If it isn't an image you've got, you need a preprocess (and consequently additional tools) to produce images you can feed tesseract. tesseract is designed to process a SINGLE IMAGE. (Yes, that means you may want to 'merge' its output: postprocessing)
To complicate matters immediately, tesseract can deal with "multipage TIFF" images and can accept multiple images to process via its commandline. Keep thinking "one page image in, bunch of text out" and you'll be okay until you discover the additional possibilities.

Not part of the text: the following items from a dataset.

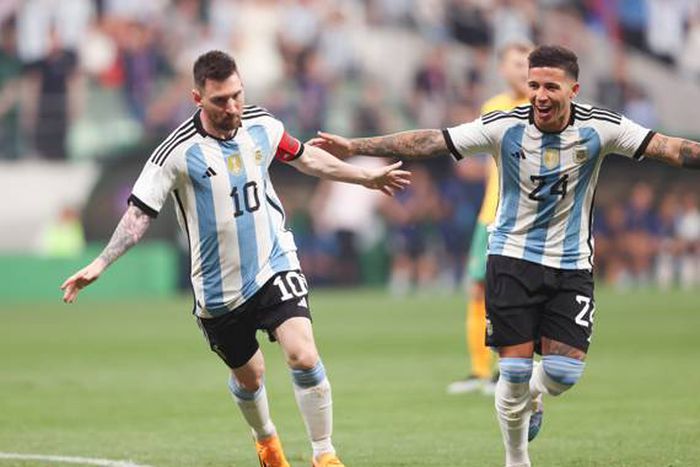 Argentina captain Lionel Messi showed that he has no plans of slowing down despite leaving Europe for the MLS, reaching a personal milestone as the World Champions cruised to a 2-0 friendly win over Australia
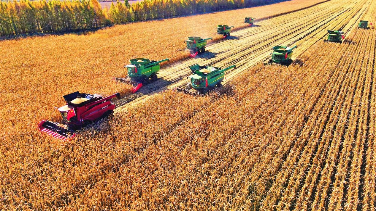 Corns are harvested by machines of the Bei'an Branch of Beidahuang Group Co., Ltd. in Bei'an, northeast China's Heilongjiang province, Oct. 6, 2021. (People's Daily Online/Xu Yingxian)
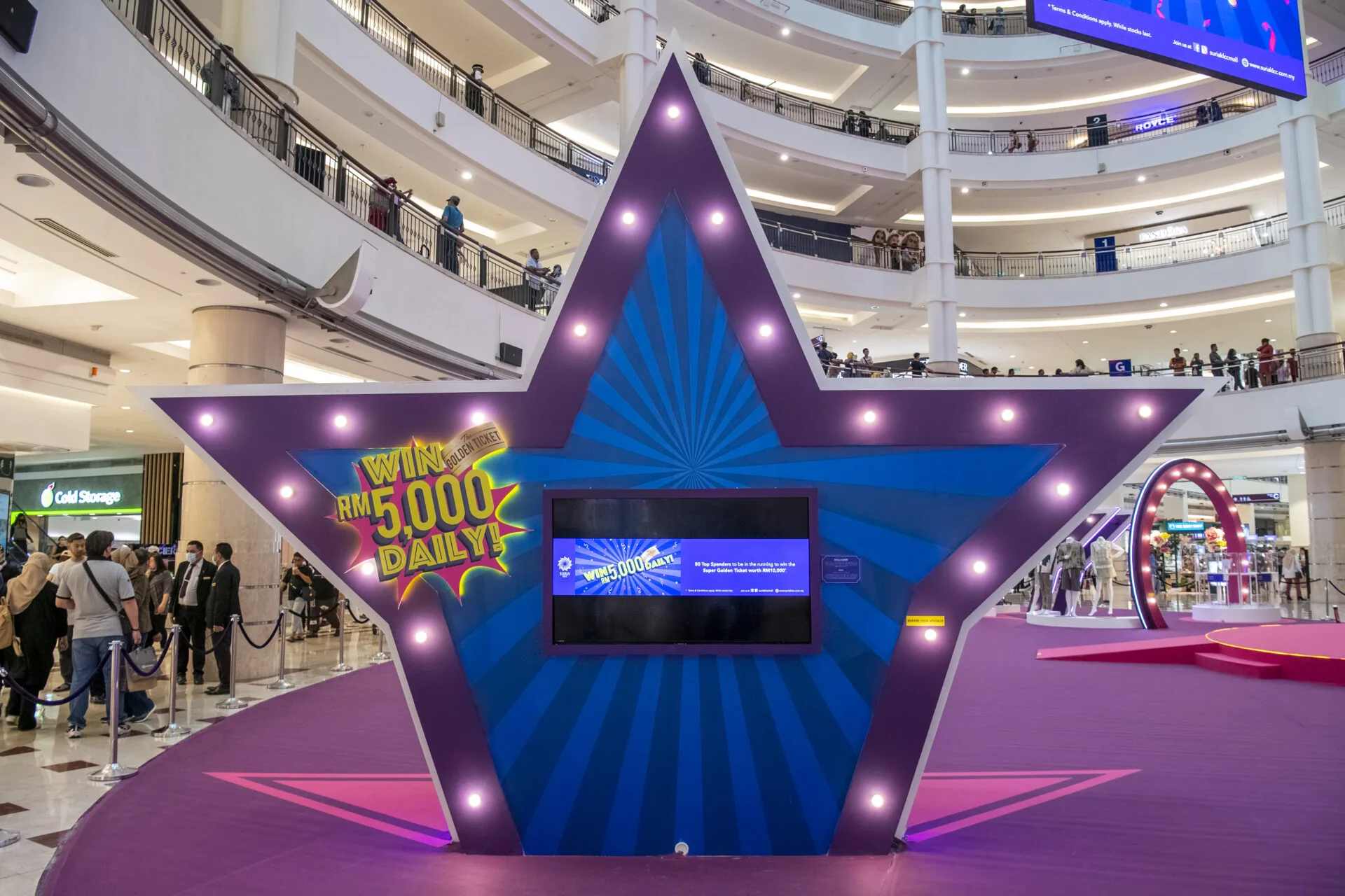 Pentas utama kempen ini akan mempersembahkan sambutan yang meriah diiringi musik kemenangan yang membangkitkan semangat untuk tontonan para pengunjung bagi setiap cabutan ‘Golden Ticket’ yang berjaya ditebus.

Advice Number 1: get a tesseract executable, invoke it using its commandline interface. If you can't build tesseract yourself, Uni Mannheim may have binaries for you to download and install. Linuxes often have tesseract binaries and mandatory language models available as packages, BUT many Linuxes are more or less far behind the curve: latest tesseract release as of this writing is 5.3.4:
https://github.com/tesseract-ocr/tesseract/releases so VERIFY your rig has the latest tesseract installed. Older releases are older and "previous" for a reason!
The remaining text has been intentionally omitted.